I would give you the ISBN number and the very page number where you can read THEIR definition of LIGHT, of which I gave you the short version. But you’re so damn smart, you can look it up for yourself
The ” Photo-electric Effect ” for which explanation, Einstein got his Nobel prize relates to electron emission from metals, and semi metals as a result of ELECTROMAGNETIC RADIATION which is a form of energy measured in joules and energy related units such as power.(watt).
Light is quantified in completely subjective units defined in the branch of physics called photometry, and is furthermore constrained to the effect of a single octave of the entire EM radiation spectrum from 400 nm wavelength to 800 nm wavelength.
There is precisely zero experimental reported measures for any ” light ” stimulated by EM radiation outside that single octave. And it is entirely a response that takes place inside the retina of the HUMAN eye. there are NO definitions or data on the photometric response of the eyes of giant Squid, or any other critter, whether animal, or vegetable or even mineral, some of which DO respond to EM radiant ENERGY.
It’s no wonder that we have so many idiots rioting in the streets over weather or climate issues, about which they no absolutely nothing. It seems that they just don’t teach elementary science in schools any more.
G

george e. smith
Reply to  Scott Wilmot Bennett
May 1, 2017 1:20 pm

Actually Einstein’s discovery was that the emission (or not) of a photo-electron from a metal or semi-metal was quite independent of the intensity of the radiation, and entirely dependent on the wavelength (frequency) of the radiation.
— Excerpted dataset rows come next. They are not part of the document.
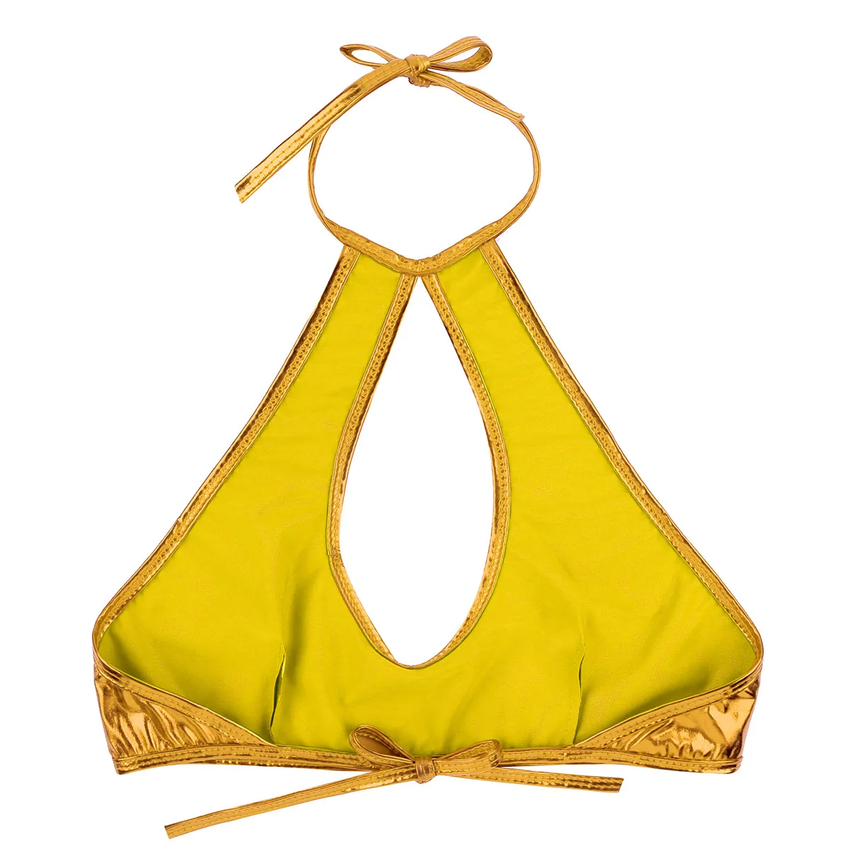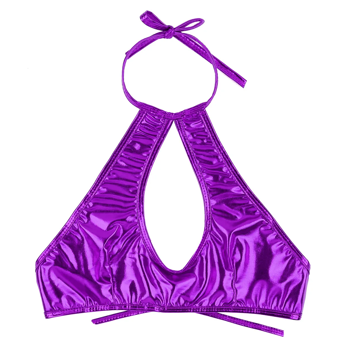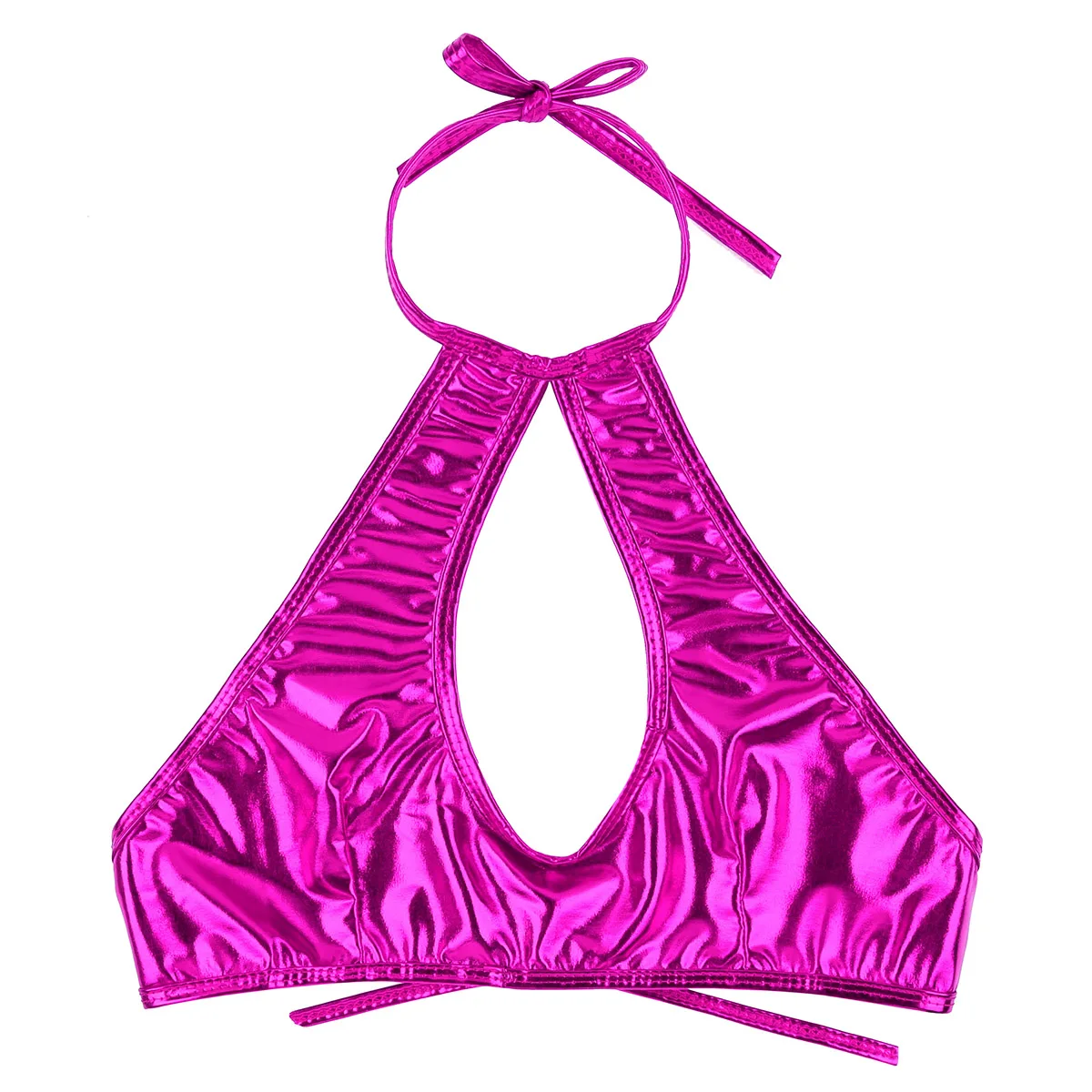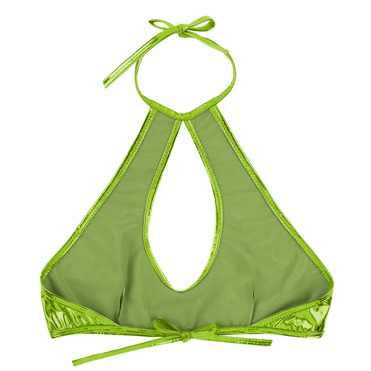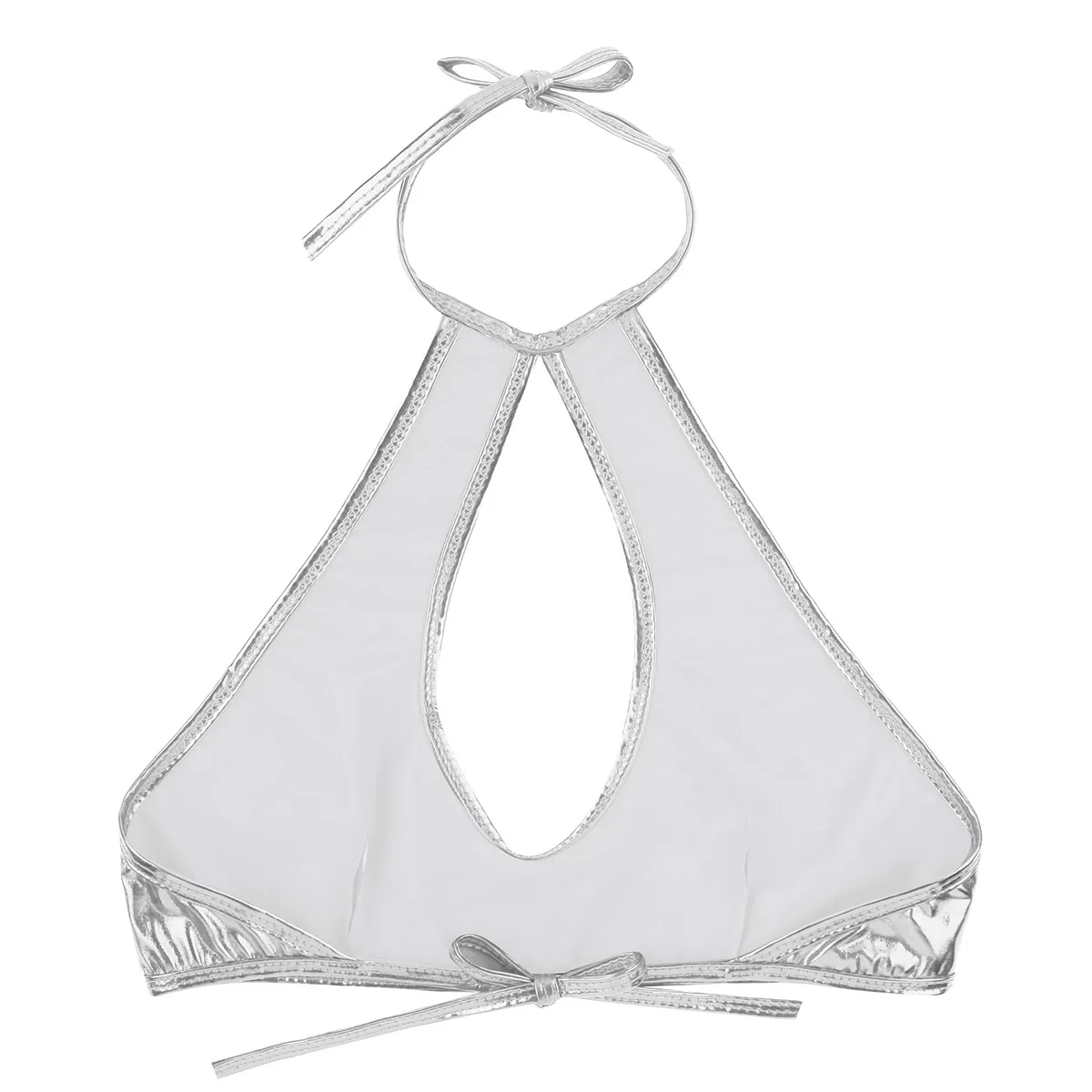 Femme Womens Fashion Top Women Shiny Metallic Faux Leather Sleeveless Halter Neck Cut Out Strappy Crop Tops Sexy Clubwear Vest
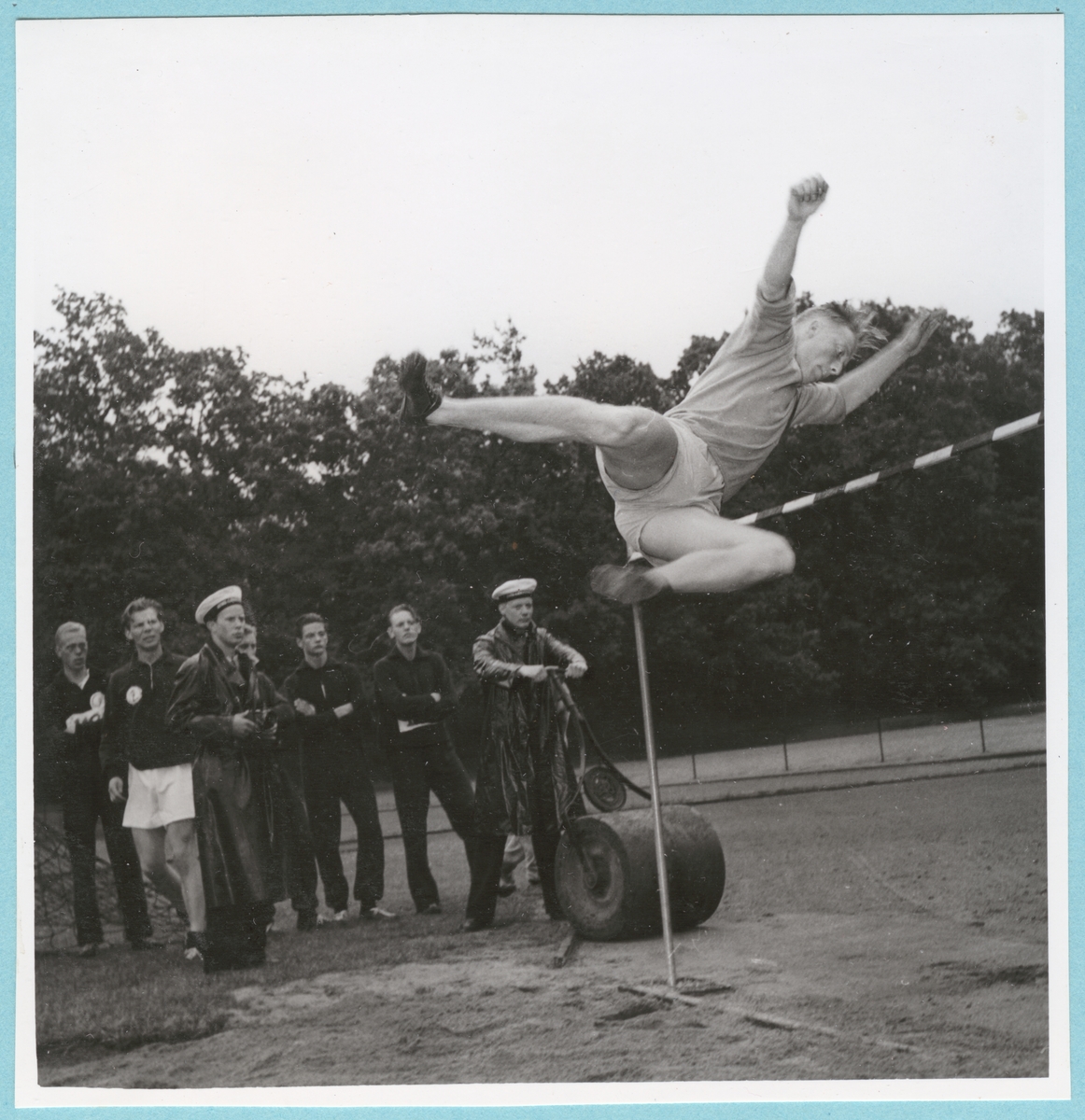 Kadett Moe från Norge hoppar höjdhopp över en stång i en idrottstävling. Vid sidan av står ett antal militära idrottsmän och ser på. Den ena håller i en stor vals som används till att plana ut marken framför höjdhoppsstången. Från Danska och Norska örlogsbesöken den 29/6 - 4/7 1951.
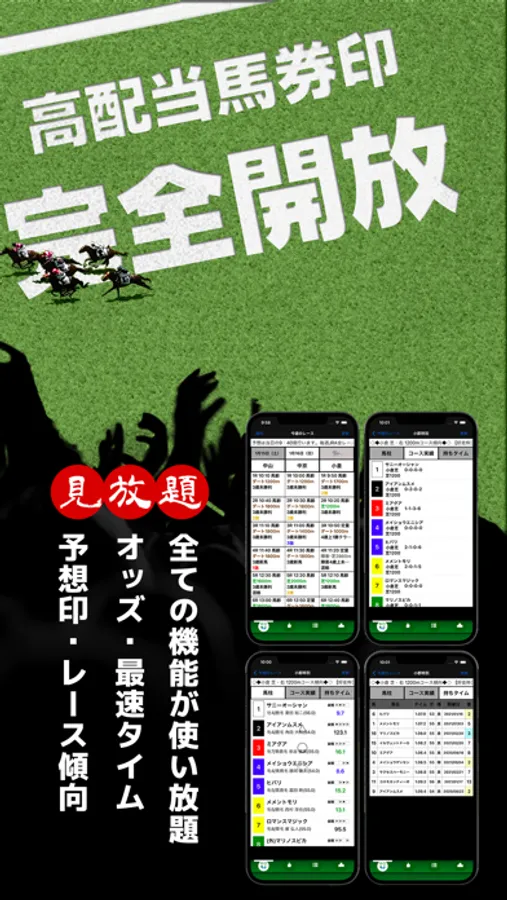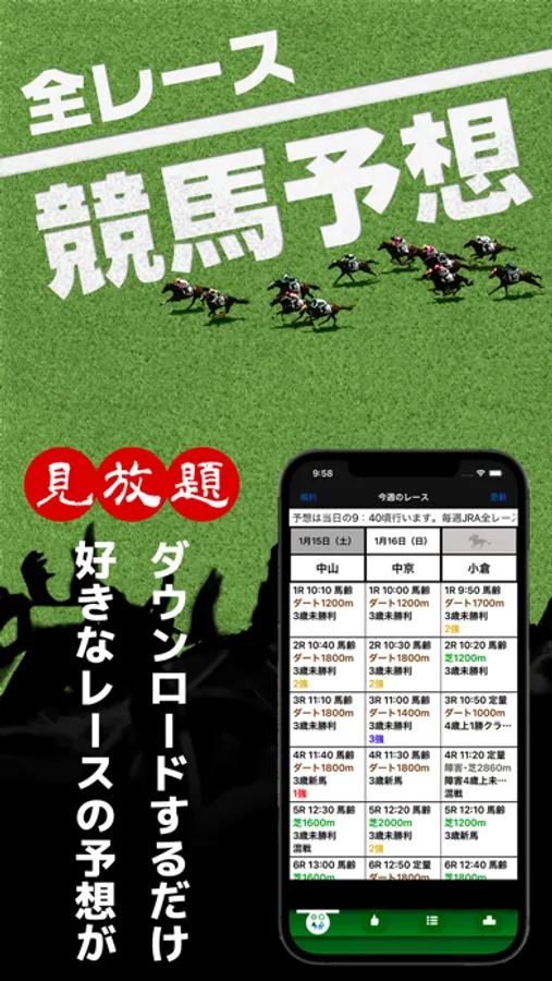 全レースの予想を無料で公開しています。馬柱にはオッズを表示し人気馬が一目瞭然。また一覧では「1強」「混戦」などレース展開も予想しています。
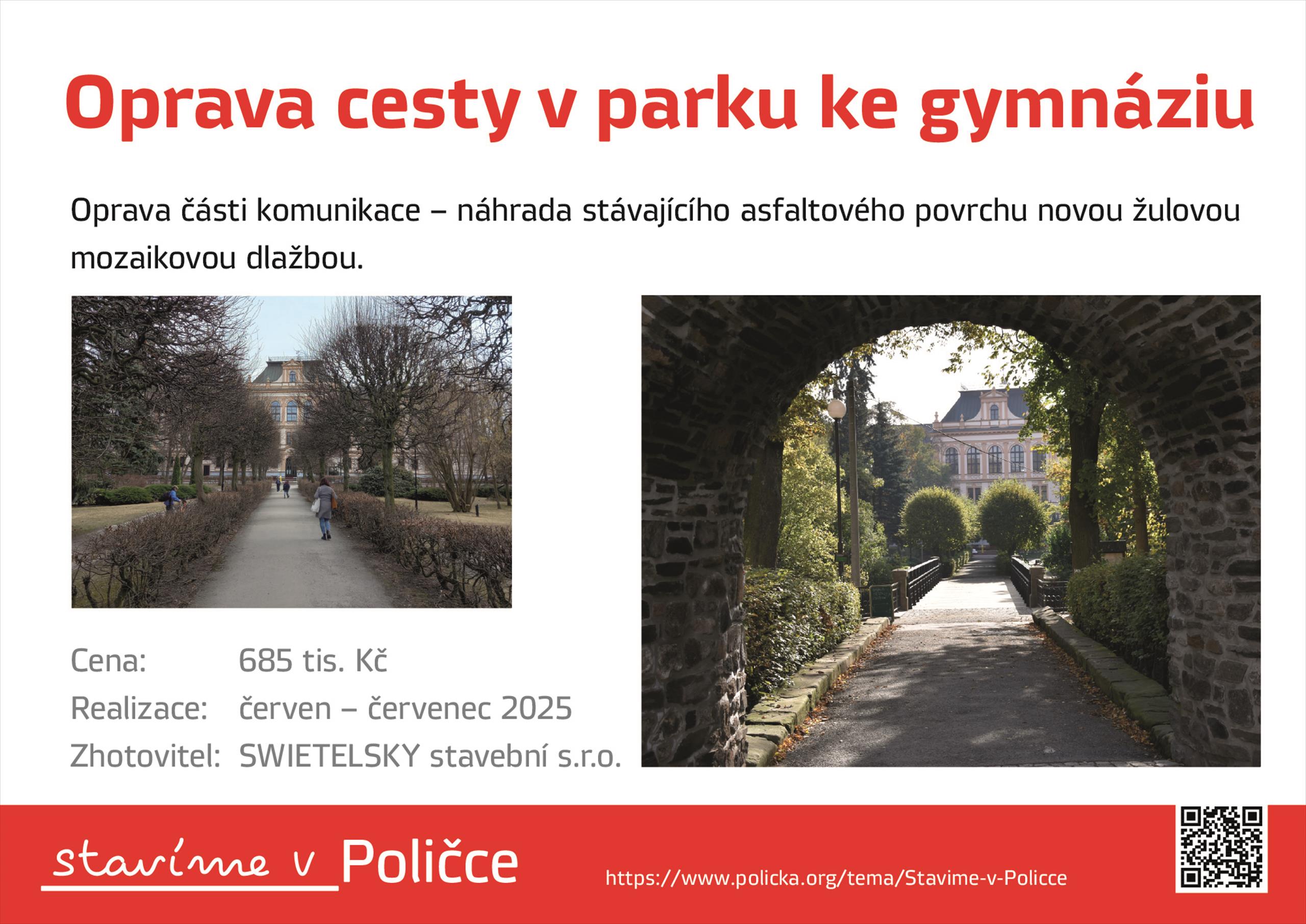 Oprava cesty ke gymnáziu v parku - upozornění
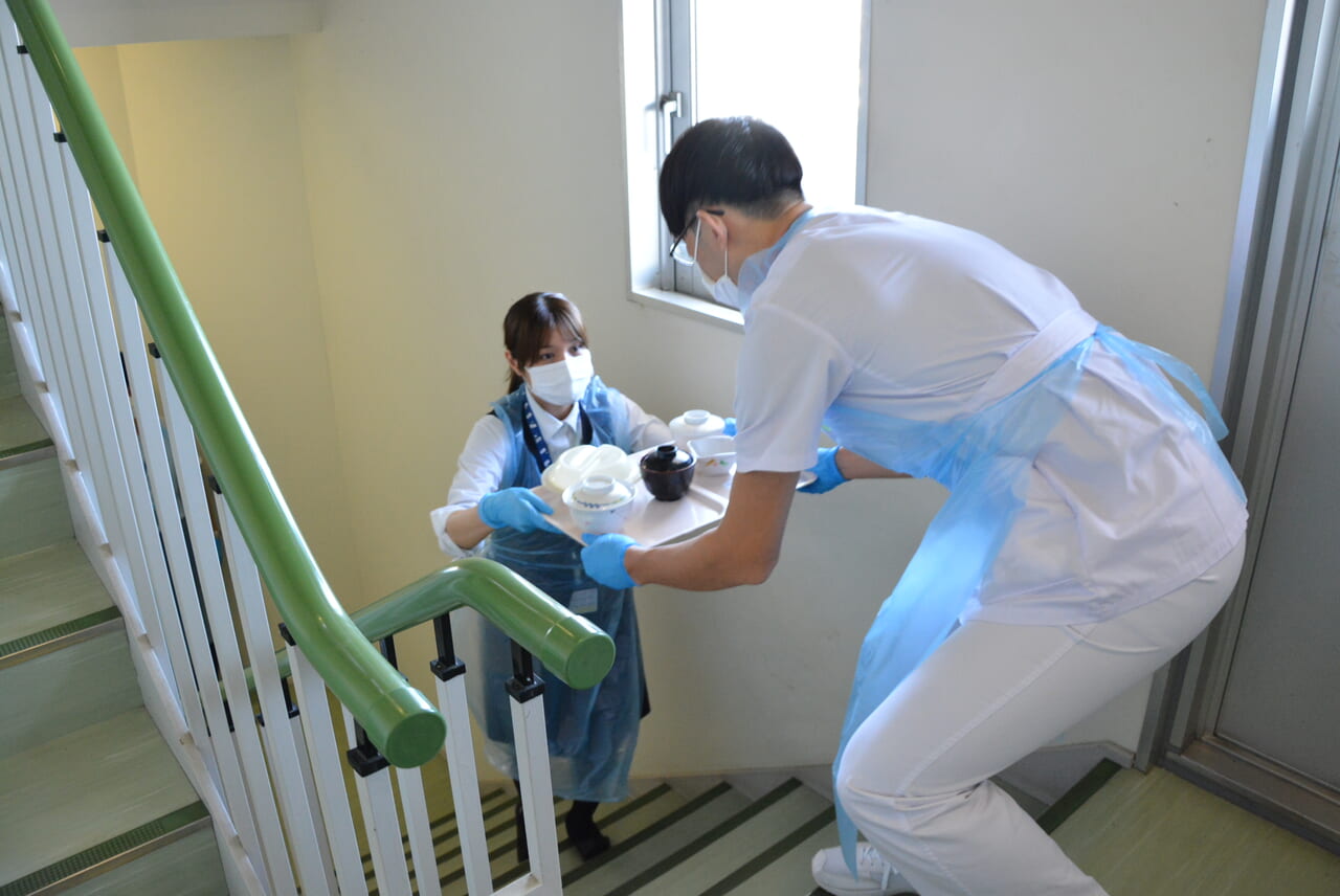 昨年元日の能登半島地震発生時、新潟病院では給食用を含むエレベーター全機が停止。病棟内に配膳車を運び入れることができず、当院のDMATや各部署職員の協力を得て、当日の夕食をリレー方式で配膳しました。

If the wavelength of the radiation was short enough (higher frequency), the emission of a photo-electron was virtually instantaneous; NO MATTER how low the Radiant Intensity of the radiation was.
Classical Herz / Maxwell EM wave theory, opined that at low radiant intensities, it would take a long time to accumulate enough energy from the wave to eject an electron. Experiments showed that was not so, and Einstein reasoned that the energy must be in packets with energy depending on the frequency.
So far as I know, there are NO peer reviewed papers by Albert Einstein relating to the psycho-physical properties of the human eye; nor did he do any experimental research on that subject.
But I don’t give a rip about your opinion. If even one reader is helped learn something from my posts, It is worth my time.
I would almost venture a guess that you are equally ignorant of the researches of G.S. Ohm.
I know for a fact that my own Alma Mater still teaches Ohm’s Law incorrectly; because they told me that was so. Fortunately, I went to a good high school so I learned Ohm’s Law in my first year in high school. And it is still one of the questions I would ask any candidate, I was interviewing for a job involving electronics. I’ve had at least one Stanford PhD fail on that question.
But I guess he wasn’t a smart ass like me.